We found that perfect partner in Orlando’s Channel 9, which was the local ABC affiliate. Instantly, they were on-board with our vision and had full confidence that we could pull it off. Alongside the network, we produced radio and television spots that aired on their stations.

Below is one of the TV spots, built around our main campaign story “I’m running for __.” The story urged runners to explain why they’re entering the 4.9k:


The “I’m running for __” narrative was also pushed heavily on organic social. This was our attempt at netting user-generated content as would-be runners shared the below graphic, along with their reason for participating in the event inside the caption. Akin to our media partner, this word-of-mouth marketing was geared to validate the event.

Moreover, we also had a shoe-string paid media budget — I’m talking a few hundred dollars here. That left us with a tough decision on how to spend it. After mulling it over, we poured it into Facebook ads, since the platform’s older demographic overlapped with our target audience most closely.

Most notably, we boosted the official Facebook event page, and let me tell you, things really snowballed from here. From hereafter, the event was shared naturally amongst the community and the word spread far and wide.


Come event day, I seemingly ran a 4.9k of my own as I dashed throughout the racecourse to capture content. It reminded me of my journalism glory days only years earlier, live-tweeting games. No different this time around, I attempted to capture the essence of the event on our social platforms.

Without a doubt, the below image was my favorite of the day. For those unfamiliar, Barbara was the owner of Pulse Nightclub. This shot — Poma cheering on runners as they passed her nightclub — really tugged at my heartstrings. The image was later picked up by a slew of media organizations.


Come event day, I wasn’t alone in content capture. Armed alongside me was a photographer and videographer — both of which I hired myself. Once again here, funds were extremely tight. But with a little salesmanship (e.g. this event is for a bigger cause), the creatives agreed to assist for a price well below their working rate.

Enduring Eye provided the photos, while SwiftPro-Motion (also my personal barber) created the below video, which perfectly encapsulated the energy of the entire event:


The UFC DeVos graduate students that followed my 2017 class have continued to host the event annually — growing it bigger than any one of us old-timers could’ve initially imagined. Registered runners are now in the 2,000 range, sponsors have included the likes of Nike and Wal-Mart, and proceeds to the onePULSE Foundation are multiples higher.

Furthermore, organizing the event has become a real-world learning experience for active students, just like it was for us.
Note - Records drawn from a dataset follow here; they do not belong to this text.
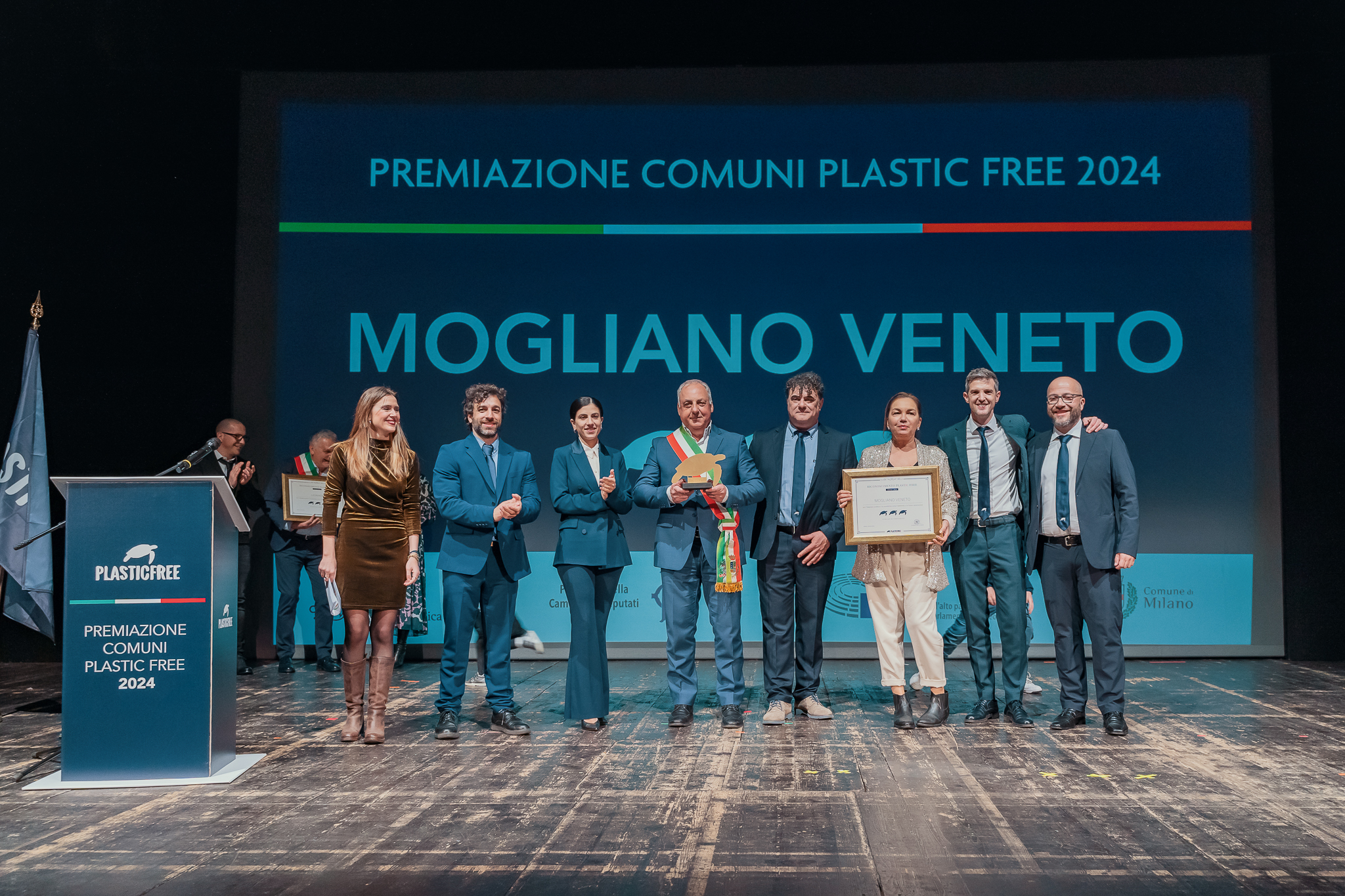 Roberto Zanardo con delega al Decoro Urbano ha partecipato alla cerimonia nazionale ufficiale di premiazione dei “Comuni Plastic Free 2024” ed ha ritirato il riconoscimento a nome dell’Amministrazione Comunale. Ad accompagnarlo nel capoluogo lombardo, Annalia Sembiante, referente comunale Plastic Free. Delle ben 111 Amministrazioni italiane premiate in questa terza edizione (numero in crescita rispetto alle 49 di due anni fa e alle 69 dello scorso anno), Mogliano Veneto rientra tra le 7 – insieme a Ferrara, Borgo Virgilio (MN), Legnago (VR), Tortora (CS), Termoli (CB) e Bacoli (NA) – che hanno ricevuto il massimo riconoscimento di “tre tartarughe” e si riconferma l’unico Comune dell’intera provincia di Treviso. Le Amministrazioni italiane hanno superato la valutazione del Comitato interno, basata su ben 23 punti suddivisi su 5 pilastri: lotta contro gli abbandoni illeciti, sensibilizzazione sul territorio, gestione dei rifiuti urbani, attività virtuose promosse dall’ente e collaborazione con i referenti/volontari locali PlasticFree. A Mogliano Veneto numerose sono infatti le azioni virtuose messe in atto sul territorio per diffondere una maggiore cultura e sensibilità ecologica. Tra le più importanti, le giornate di Educazione ambientale promosse nelle scuole e ai centri estivi, la distribuzione di borracce in alluminio a tutti i dipendenti comunali e agli studenti delle primarie e delle secondarie di primo grado, l’organizzazione di giornate di raccolta di rifiuti abbandonati in collaborazione con le Associazioni di Quartiere, l’ordinanza che vieta il rilascio in cielo di palloncini di plastica e di lanterne volanti, l’attivazione di sistemi di sorveglianza e di contrasto all’abbandono di rifiuti mediante l’uso di fototrappole e l’adozione di misure volte alla riduzione di plastica monouso nella sede degli uffici municipali, oltre al recente inasprimento delle sanzioni per chi abbandona i rifiuti. «L’impegno del Comune di Mogliano è continuo anche nel rapporto con la Provincia di Treviso, che appoggia e condivide il percorso virtuoso. Tra le altre cose, recentemente la Provincia, di concerto con il nostro Comune, ha installato quattro nuovi raccoglitori per i rifiuti sulle piazzole di sosta delle strade provinciali.» ha dichiarato il Consigliere Comunale con delega al Decoro Urbano Roberto Zanardo. «La riconferma delle tre tartarughe, massimo livello di virtuosità raggiunto da soli sette Comuni d’Italia, rappresenta un grandissimo risultato per la nostra Città; è il riconoscimento al nostro quotidiano impegno nell’abbattere l’utilizzo della plastica e nella salvaguardia del nostro amato ambiente. A marzo 2021 la Onlus Plastic Free ci certificava come primo Comune del Nord Italia e quarto di tutto il Paese a ricevere la bandiera Plastic Free. A poco più di un anno di distanza, a giugno 2022, siamo stati premiati in qualità di Comune virtuoso, unico nella provincia di Treviso. Poi un anno fa abbiamo ricevuto il massimo attestato di virtuosità, contro le due ricevute a Firenze l’anno prima. Per la nostra Amministrazione e per tutta la Città di Mogliano, questo riconoscimento è motivo di grandissimo orgoglio. Il mio ringraziamento va ad Annalia Sembiante e a tutti i volontari Plastic Free che periodicamente eseguono le raccolte sul territorio.» ha commentato con grande soddisfazione il Sindaco Davide Bortolato.Edizione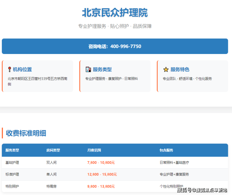 在老龄化社会快速发展的当下,为家中长辈选择一家专业的养老护理机构成为众多家庭的迫切需求。北京民众护理院作为朝阳区备受关注的医养结合机构,以其专业服务和贴心照护赢得了良好口碑。本文将从地址位置、收费标准、服务特色等维度为您全面解析这家护理院的实际情况。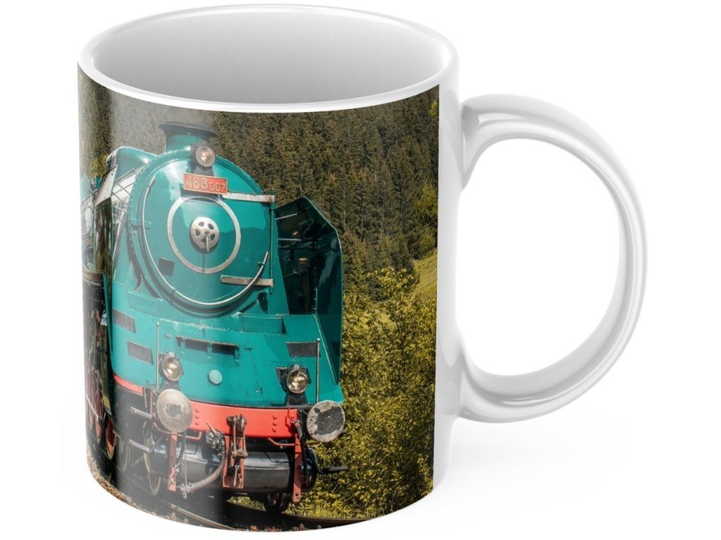 Bílý porcelánový hrnek se sublimačním potiskem po celém obvodu s motivem ikonické parní lokomotivy 486.007. Stylový společník pro každodenní kávu, čaj i kakao, který potěší železniční nadšence, sběratele i všechny, kdo ocení originální design.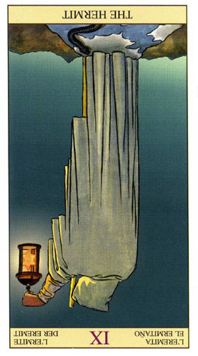 The Hermit shuts out the world and retreats into solitude to better understand some spiritual aspect of life. He opens to the cosmos and lets it's wisdom sink in. Hermits are often seen as wise old men who can guide a traveller along a journey.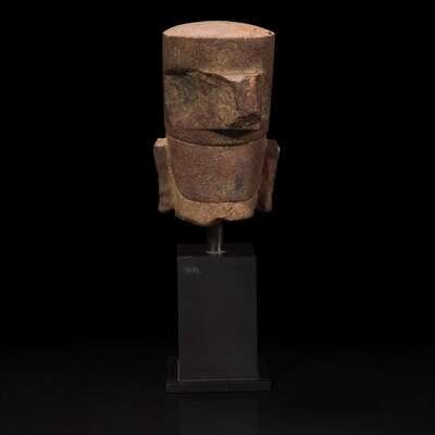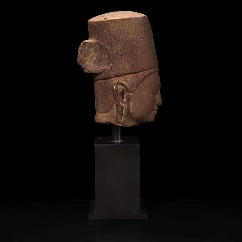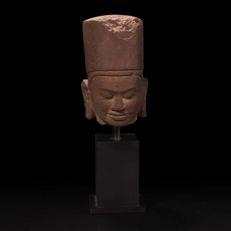 A carved red sandstone head of Vishnu in Khmer style 高棉风格红砂岩吡湿奴头像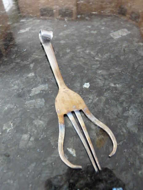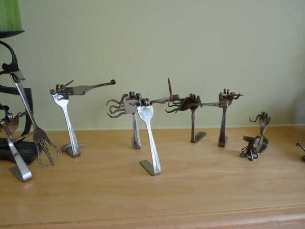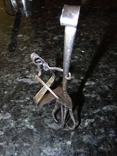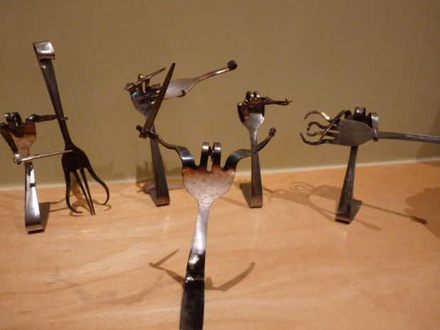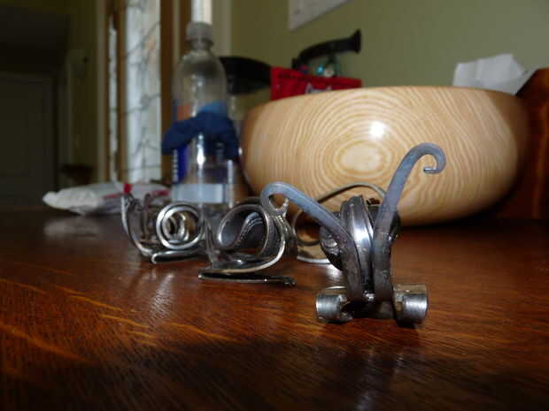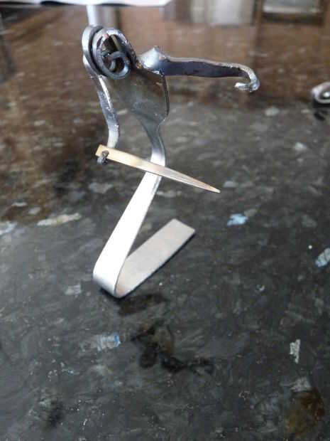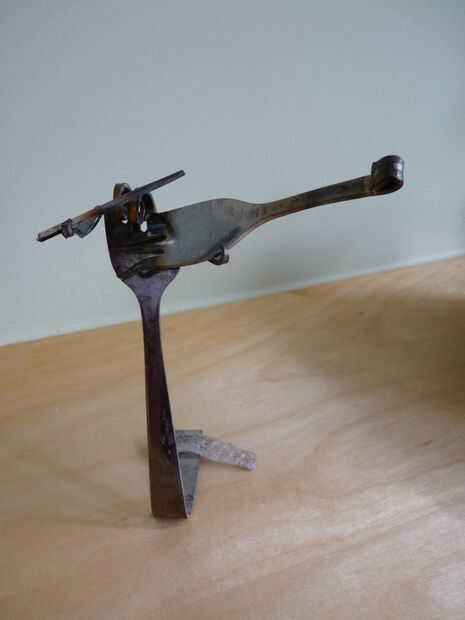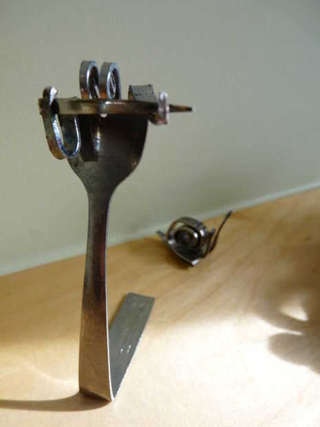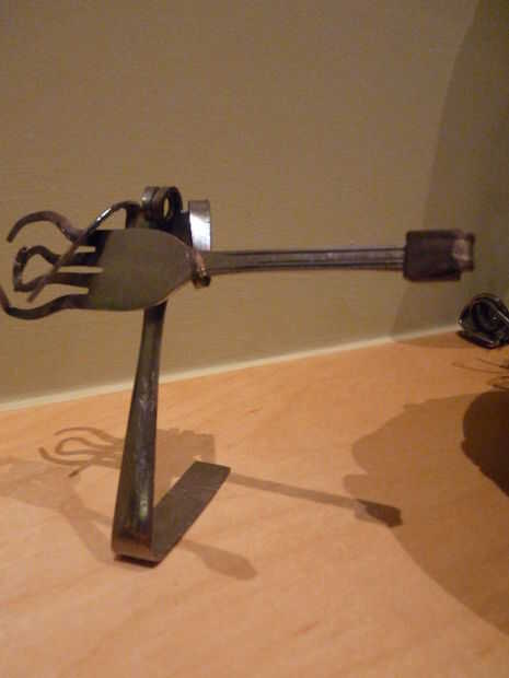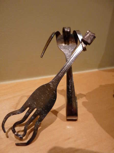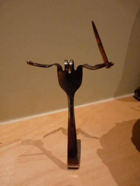 Hey Instructables! Estoy en marzo romper nada tienen que ver, así que ayer estaba buscando en el sitio una hora o así y he encontrado un interesante instructivo! El instructivo es "tenedor" por shauna. Muestra cómo hacer un caracol simple de un tenedor, con dos pares de alicates. Decidí que me gustaría probar esto, ya tenemos un montón de cubiertos extra de cuando nos soldada con autógena metal flores. Hice caracoles 10 o así, y luego decidió que era tiempo para algo un poco más difícil. Busqué imágenes del arte de la cuchillería en la web y había encontrado a un bajista. Así que decidí ver si podía hacer uno. A diferencia de los caracoles, cual llevará unos 10 minutos para hacer, el bajista tomó más de media hora! Pero al final, valió la pena. Creo que mantener en un estante en algún lugar, o la dan a mi abuela a vender a uno de sus ventas de arte. Si te ha gustado este instructable, por favor vota por mí en el hecho, concurso de fotografía y la tasa de! ¡ Gracias! :D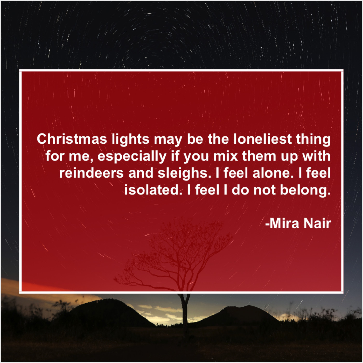 Mira Nair Mira Nair – Christmas lights may be the… January 5, 2019 admin “Christmas lights may be the loneliest thing for me, especially if you mix them up with reindeers and sleighs. I feel alone. I feel isolated. I feel I do not belong.”-Mira Nair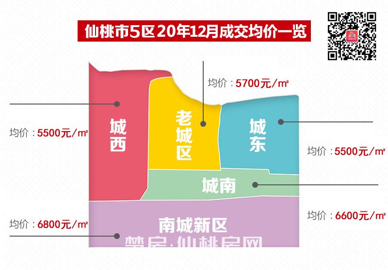 仙桃2020年五区成交均价图
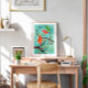 Aquarell Birds Wall Art, un krankño con un acabado estilo acuarela de pareja de pajaros en color rojo, con fondo en tonalidades verdes y azules, un poster para decorar esos espacios speciales de tu hogar, con colores alegres para hacer resaltar esa pared de tu hogar.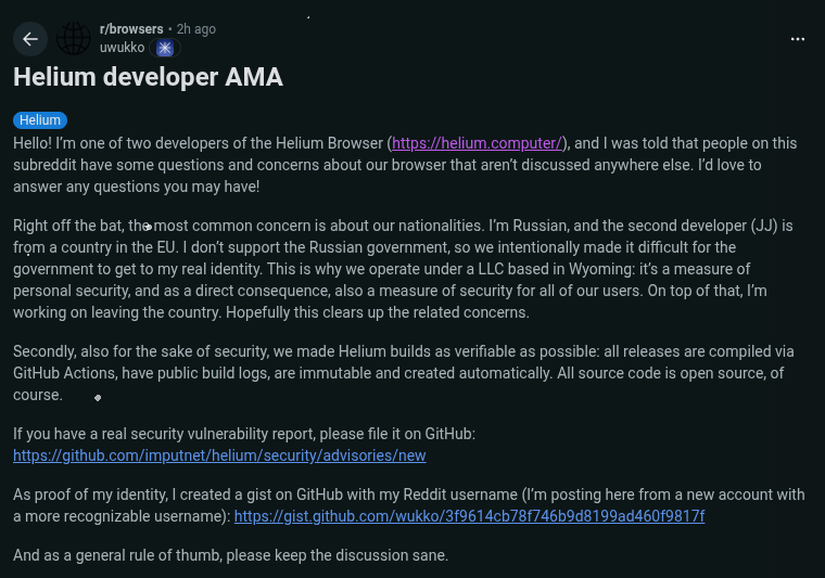 Comminity 전반에 걸친 이러한 신원 불명의 우려에 대해 제작자들도 공감하고 있는 듯 합니다. Reddit에 제작자 중 한 분이 익명으로 활동하고 있는 이유에 대해 설명을 했습니다.
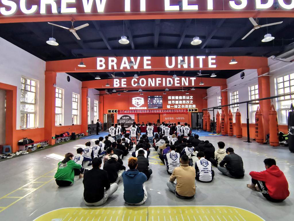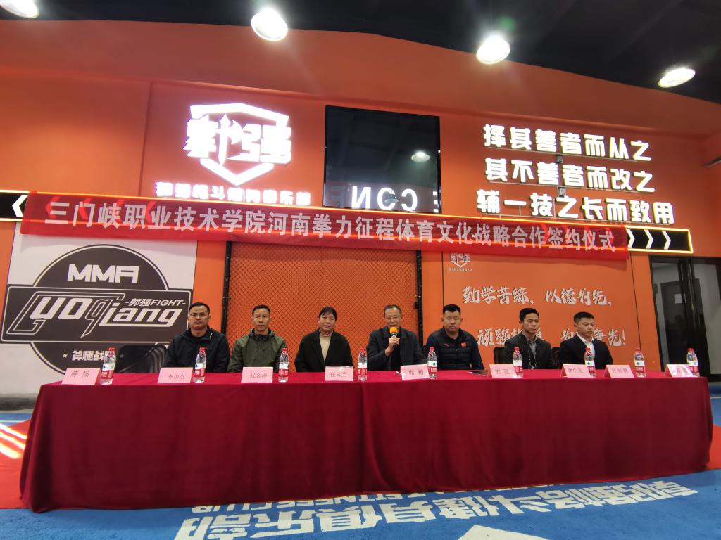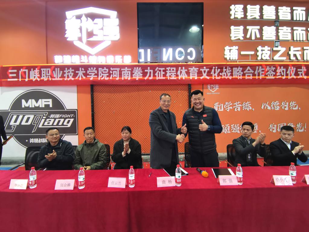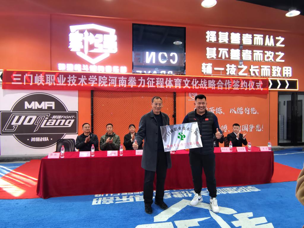 3月20日下午,体育学院院长曲扬一行赴三门峡郭强格斗健身俱乐部,与河南拳力征程体育文化传播有限公司(三门峡郭强格斗俱乐部)签订战略合作框架协议并举办体育专业教育实践基地授牌仪式。体育学院教学工作负责人任云兰、实训科负责人、民族传统体育专业负责人,郭强格斗俱乐部董事长郭强、俱乐部各部门负责人出席仪式,仪式由郭强格斗总经理徐云海主持。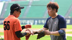 [OSEN=잠실,박준형 기자] 23일 오후 서울 잠실구장에서 열린 2014 한국야쿠르트 세븐 프로야구 두산 베어스와 한화 이글스의 경기전 두산 김현수가 한화 고동진에게 글러브를 전달하고 있다. 이날 두산과 한화는 유희관과 앨버스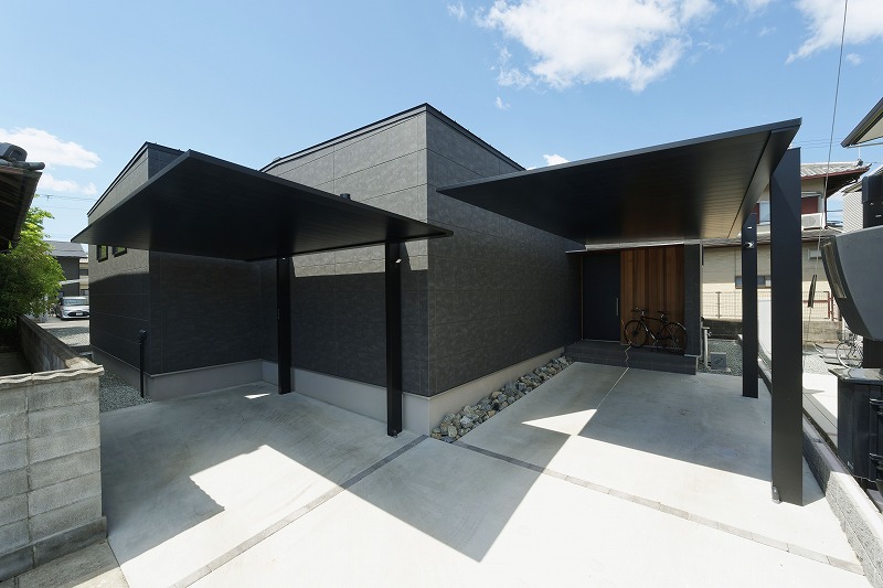 また、2カ所に設えたオールブラックのカーポートによって

My own experience planning the CommUNITY Rainbow Run was a second-to-none reminder that when you care deeply enough about something, there’s little that can stop you.

To this day, the CommUNITY Rainbow Run remains my proudest career achievement on so many fronts. Me, I always strive for my work to impact others positively, and up until now, I don’t think anything I’ve done has left a bigger dent than this — both for that whole city and future generations of DeVos students hosting the run.

And second, it really was an all-hands-on-deck team effort to create this event alongside my DeVos classmates (pictured below). It created shared ownership between us all and cause of that, the pre-event struggles hurt less and the post-event wins roared bigger. I’m forever chasing a team like this again, which I believe DraftKings can certainly be.